Records from a dataset:

= Beginning of Section =

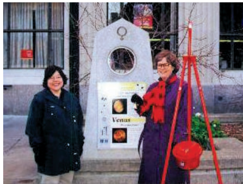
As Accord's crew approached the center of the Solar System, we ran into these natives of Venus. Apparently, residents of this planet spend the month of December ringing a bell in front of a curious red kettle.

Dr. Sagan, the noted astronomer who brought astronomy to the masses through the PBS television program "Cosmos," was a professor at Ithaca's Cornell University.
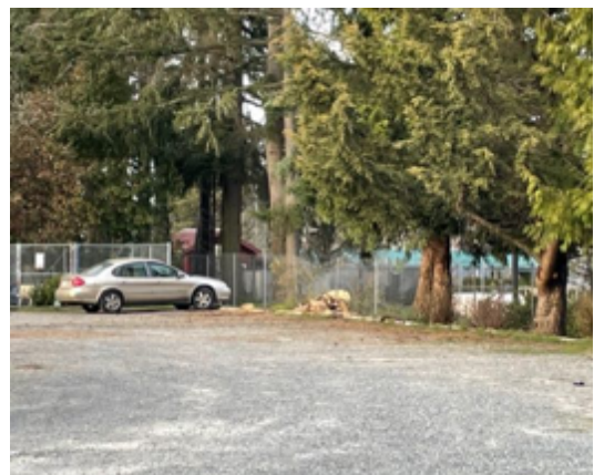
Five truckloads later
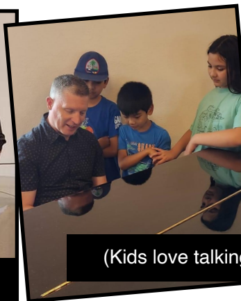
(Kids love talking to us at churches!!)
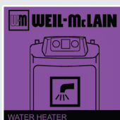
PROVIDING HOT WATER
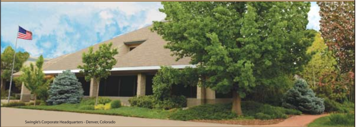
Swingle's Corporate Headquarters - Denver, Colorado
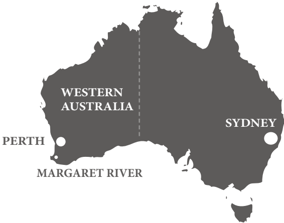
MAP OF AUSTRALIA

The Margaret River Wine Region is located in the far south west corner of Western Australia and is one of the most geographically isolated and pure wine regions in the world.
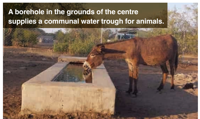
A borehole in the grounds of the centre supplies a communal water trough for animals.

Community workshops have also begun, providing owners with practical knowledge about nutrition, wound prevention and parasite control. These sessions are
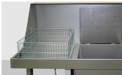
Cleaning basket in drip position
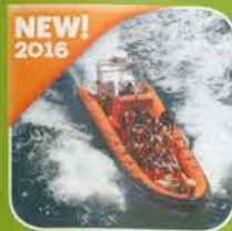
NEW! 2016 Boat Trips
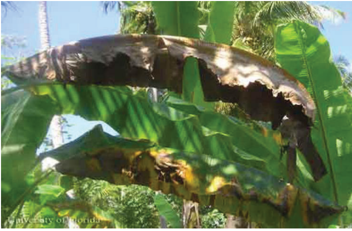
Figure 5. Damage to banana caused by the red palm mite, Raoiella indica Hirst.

= End of Section =

**Brief**
Each record, word for word, should be printed again without its pictures.

**Task answer**
As Accord's crew approached the center of the Solar System, we ran into these natives of Venus. Apparently, residents of this planet spend the month of December ringing a bell in front of a curious red kettle.

Dr. Sagan, the noted astronomer who brought astronomy to the masses through the PBS television program "Cosmos," was a professor at Ithaca's Cornell University.
Five truckloads later
(Kids love talking to us at churches!!)
PROVIDING HOT WATER
Swingle's Corporate Headquarters - Denver, Colorado
MAP OF AUSTRALIA

The Margaret River Wine Region is located in the far south west corner of Western Australia and is one of the most geographically isolated and pure wine regions in the world.
A borehole in the grounds of the centre supplies a communal water trough for animals.

Community workshops have also begun, providing owners with practical knowledge about nutrition, wound prevention and parasite control. These sessions are
Cleaning basket in drip position
NEW! 2016 Boat Trips
Figure 5. Damage to banana caused by the red palm mite, Raoiella indica Hirst.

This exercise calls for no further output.